**PROBLEM**
Set down every record below exactly as it stands, minus the pictures.

----- EXERCISE MATERIAL -----

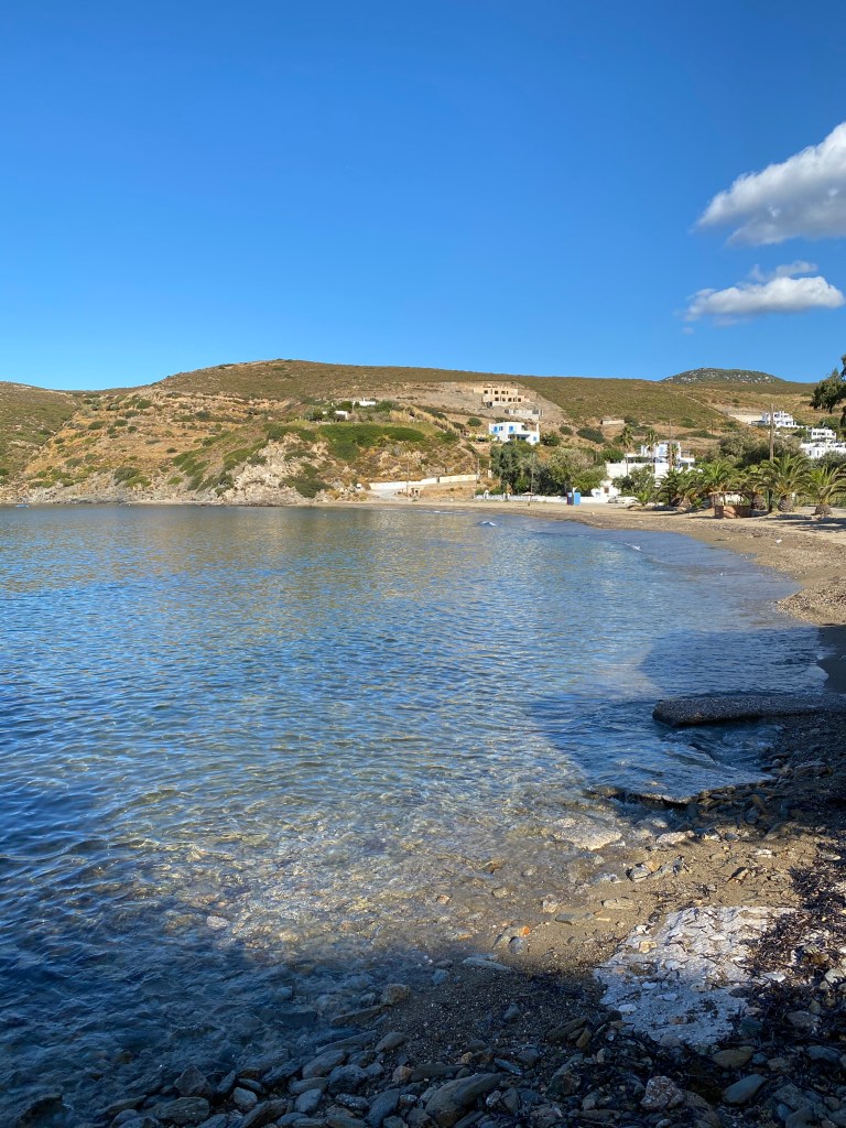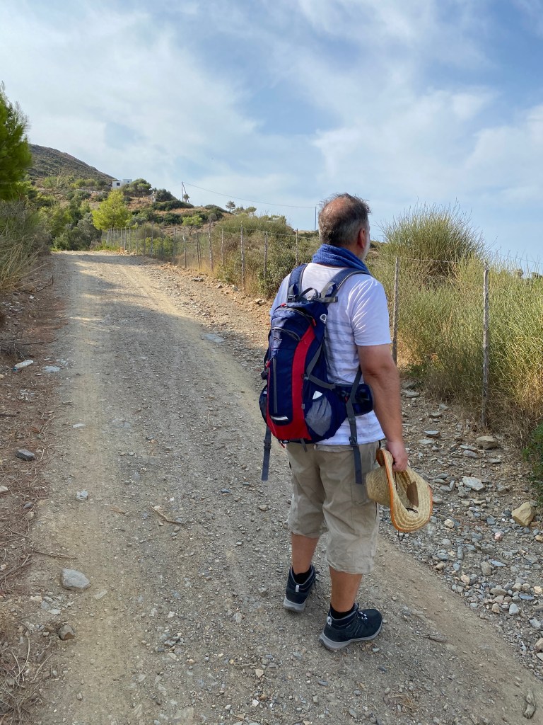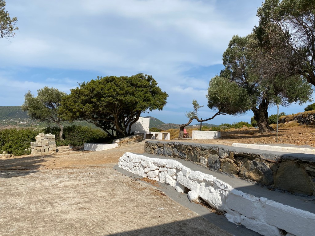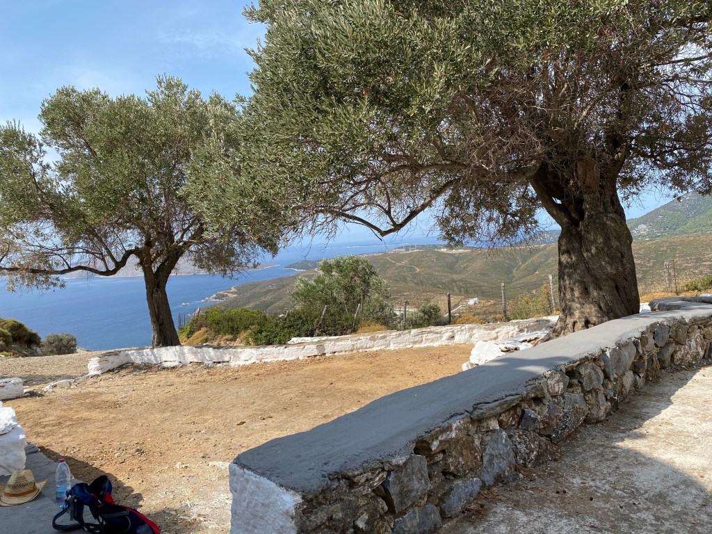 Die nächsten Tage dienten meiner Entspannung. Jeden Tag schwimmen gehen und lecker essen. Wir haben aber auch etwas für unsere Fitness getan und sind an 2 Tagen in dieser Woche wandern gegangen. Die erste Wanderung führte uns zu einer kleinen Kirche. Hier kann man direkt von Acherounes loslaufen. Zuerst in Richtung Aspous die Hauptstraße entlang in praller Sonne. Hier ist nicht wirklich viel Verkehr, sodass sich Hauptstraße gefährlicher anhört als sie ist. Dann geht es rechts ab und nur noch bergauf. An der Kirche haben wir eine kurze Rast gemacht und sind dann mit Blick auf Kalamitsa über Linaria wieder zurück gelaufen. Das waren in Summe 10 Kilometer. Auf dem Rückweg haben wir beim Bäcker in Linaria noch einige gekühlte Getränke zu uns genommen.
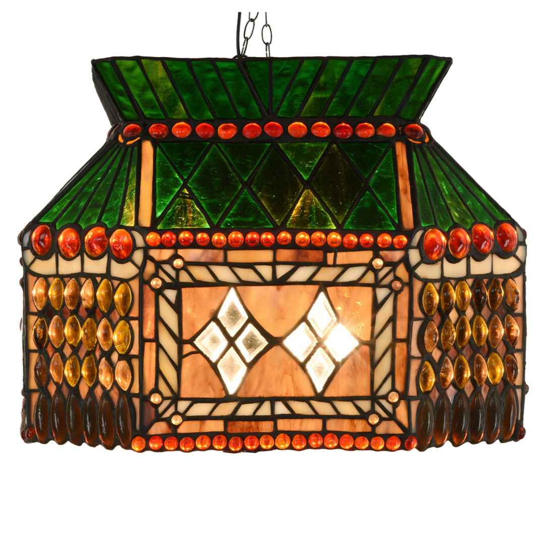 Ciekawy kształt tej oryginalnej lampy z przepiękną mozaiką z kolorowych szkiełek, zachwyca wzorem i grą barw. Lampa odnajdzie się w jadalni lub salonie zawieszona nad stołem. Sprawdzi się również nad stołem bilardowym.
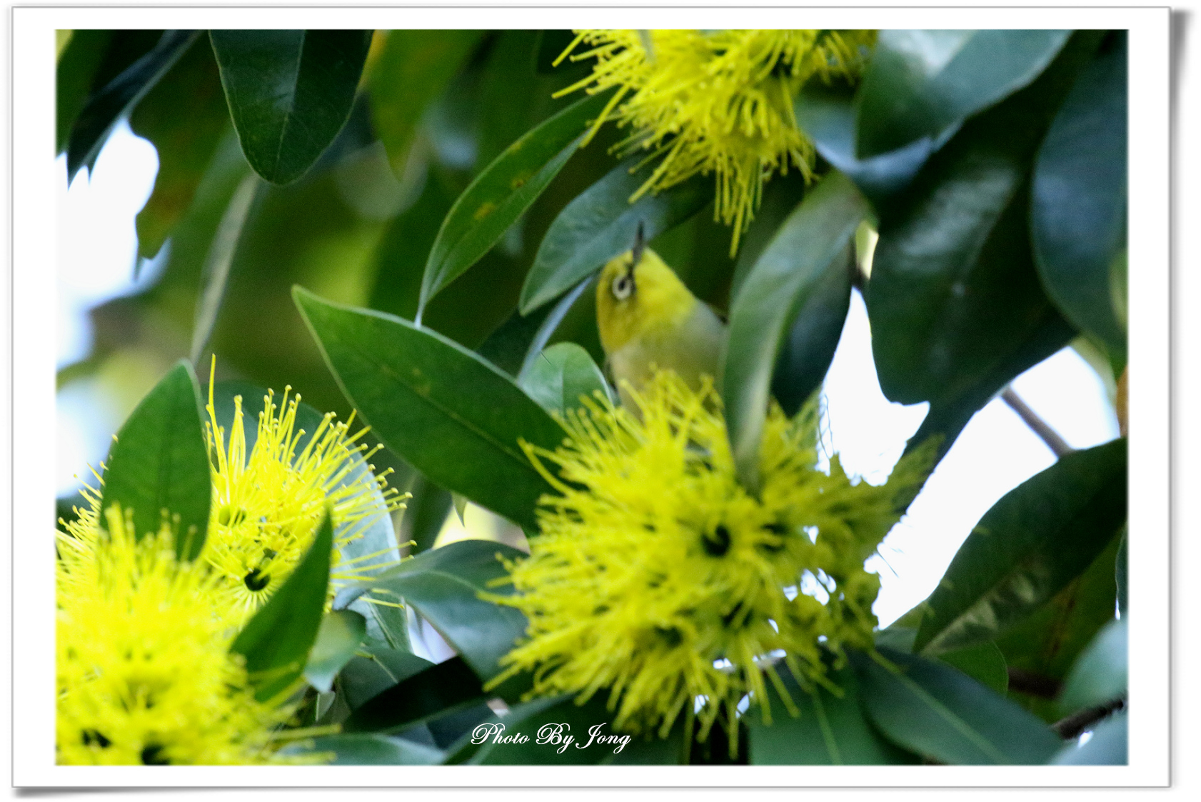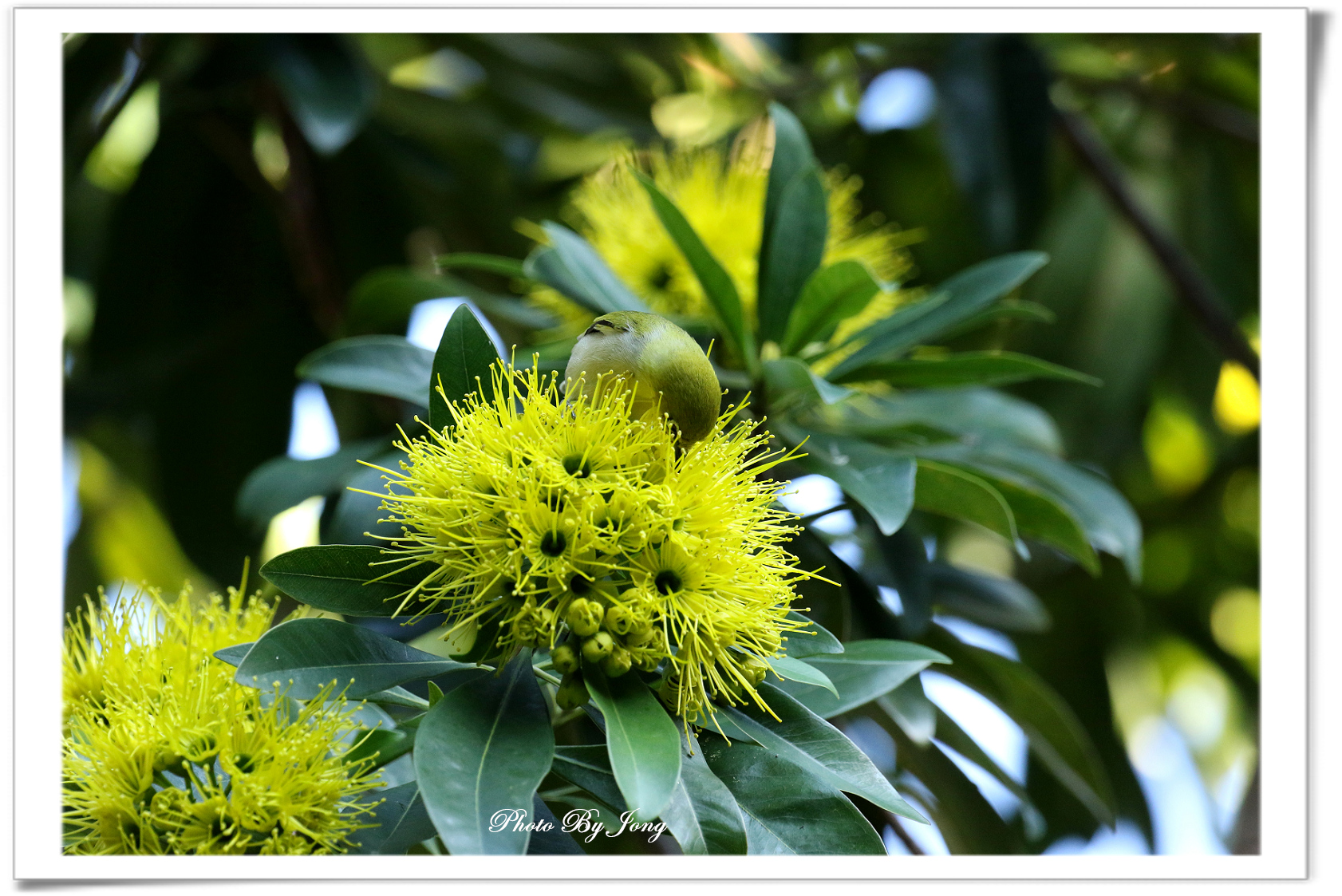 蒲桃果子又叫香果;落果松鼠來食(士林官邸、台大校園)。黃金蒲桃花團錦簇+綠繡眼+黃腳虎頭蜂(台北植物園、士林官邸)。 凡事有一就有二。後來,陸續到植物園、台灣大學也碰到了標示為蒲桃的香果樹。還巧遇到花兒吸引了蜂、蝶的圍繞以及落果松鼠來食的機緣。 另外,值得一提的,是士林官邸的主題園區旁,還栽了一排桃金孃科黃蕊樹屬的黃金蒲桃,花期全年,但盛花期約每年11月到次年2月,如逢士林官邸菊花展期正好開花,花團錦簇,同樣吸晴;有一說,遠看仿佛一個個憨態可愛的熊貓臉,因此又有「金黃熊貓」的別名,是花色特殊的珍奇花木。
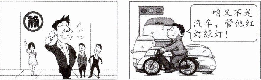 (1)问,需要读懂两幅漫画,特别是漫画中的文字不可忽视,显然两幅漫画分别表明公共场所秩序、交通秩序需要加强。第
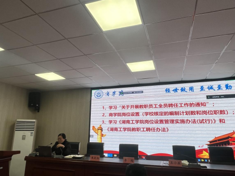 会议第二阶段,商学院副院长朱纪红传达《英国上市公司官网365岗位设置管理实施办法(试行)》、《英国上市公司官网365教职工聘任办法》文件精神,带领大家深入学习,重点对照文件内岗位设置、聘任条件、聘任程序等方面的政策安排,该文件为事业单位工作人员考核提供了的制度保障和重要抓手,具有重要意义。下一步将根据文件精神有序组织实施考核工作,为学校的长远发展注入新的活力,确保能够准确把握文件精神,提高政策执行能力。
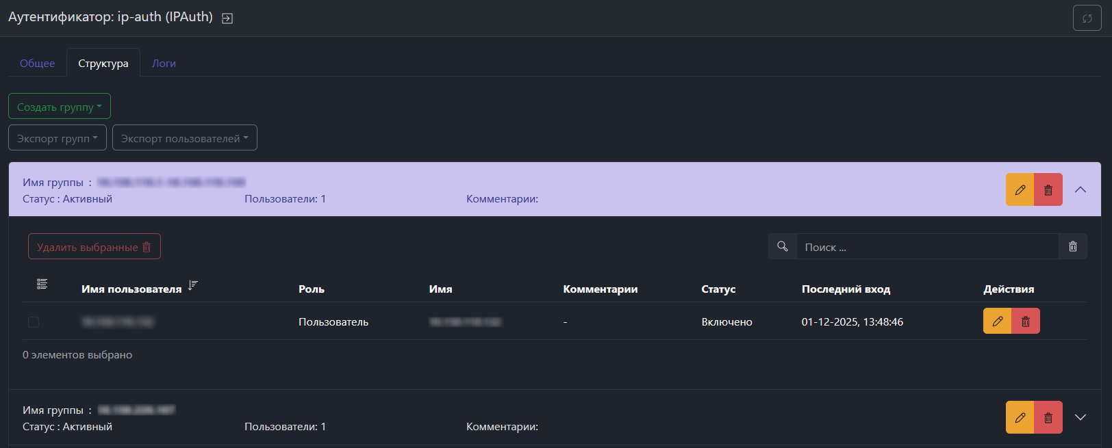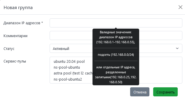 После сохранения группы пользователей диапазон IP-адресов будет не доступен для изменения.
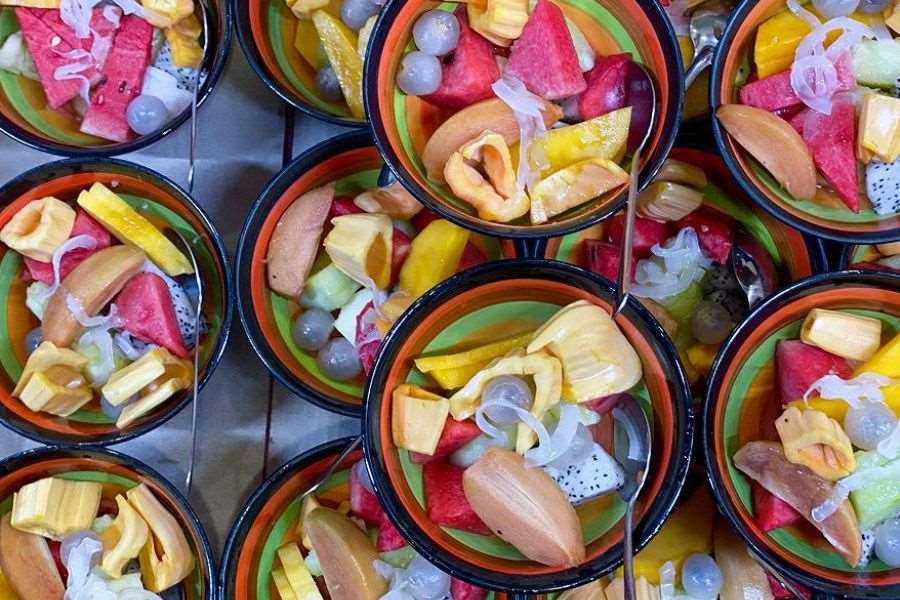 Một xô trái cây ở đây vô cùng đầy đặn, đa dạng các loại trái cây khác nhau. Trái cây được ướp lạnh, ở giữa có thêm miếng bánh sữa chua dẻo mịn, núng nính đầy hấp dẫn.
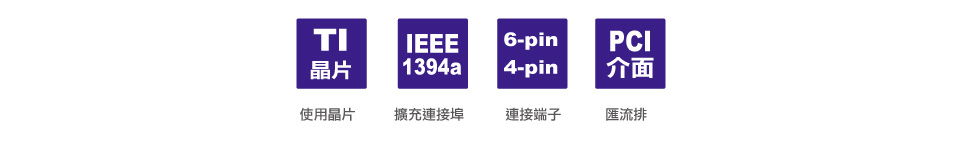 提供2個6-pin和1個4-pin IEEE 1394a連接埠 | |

-----

**WRITTEN ANSWER**
 Die nächsten Tage dienten meiner Entspannung. Jeden Tag schwimmen gehen und lecker essen. Wir haben aber auch etwas für unsere Fitness getan und sind an 2 Tagen in dieser Woche wandern gegangen. Die erste Wanderung führte uns zu einer kleinen Kirche. Hier kann man direkt von Acherounes loslaufen. Zuerst in Richtung Aspous die Hauptstraße entlang in praller Sonne. Hier ist nicht wirklich viel Verkehr, sodass sich Hauptstraße gefährlicher anhört als sie ist. Dann geht es rechts ab und nur noch bergauf. An der Kirche haben wir eine kurze Rast gemacht und sind dann mit Blick auf Kalamitsa über Linaria wieder zurück gelaufen. Das waren in Summe 10 Kilometer. Auf dem Rückweg haben wir beim Bäcker in Linaria noch einige gekühlte Getränke zu uns genommen.
 Ciekawy kształt tej oryginalnej lampy z przepiękną mozaiką z kolorowych szkiełek, zachwyca wzorem i grą barw. Lampa odnajdzie się w jadalni lub salonie zawieszona nad stołem. Sprawdzi się również nad stołem bilardowym.
 蒲桃果子又叫香果;落果松鼠來食(士林官邸、台大校園)。黃金蒲桃花團錦簇+綠繡眼+黃腳虎頭蜂(台北植物園、士林官邸)。 凡事有一就有二。後來,陸續到植物園、台灣大學也碰到了標示為蒲桃的香果樹。還巧遇到花兒吸引了蜂、蝶的圍繞以及落果松鼠來食的機緣。 另外,值得一提的,是士林官邸的主題園區旁,還栽了一排桃金孃科黃蕊樹屬的黃金蒲桃,花期全年,但盛花期約每年11月到次年2月,如逢士林官邸菊花展期正好開花,花團錦簇,同樣吸晴;有一說,遠看仿佛一個個憨態可愛的熊貓臉,因此又有「金黃熊貓」的別名,是花色特殊的珍奇花木。
 (1)问,需要读懂两幅漫画,特别是漫画中的文字不可忽视,显然两幅漫画分别表明公共场所秩序、交通秩序需要加强。第
 会议第二阶段,商学院副院长朱纪红传达《英国上市公司官网365岗位设置管理实施办法(试行)》、《英国上市公司官网365教职工聘任办法》文件精神,带领大家深入学习,重点对照文件内岗位设置、聘任条件、聘任程序等方面的政策安排,该文件为事业单位工作人员考核提供了的制度保障和重要抓手,具有重要意义。下一步将根据文件精神有序组织实施考核工作,为学校的长远发展注入新的活力,确保能够准确把握文件精神,提高政策执行能力。
 После сохранения группы пользователей диапазон IP-адресов будет не доступен для изменения.
 Một xô trái cây ở đây vô cùng đầy đặn, đa dạng các loại trái cây khác nhau. Trái cây được ướp lạnh, ở giữa có thêm miếng bánh sữa chua dẻo mịn, núng nính đầy hấp dẫn.
 提供2個6-pin和1個4-pin IEEE 1394a連接埠 | |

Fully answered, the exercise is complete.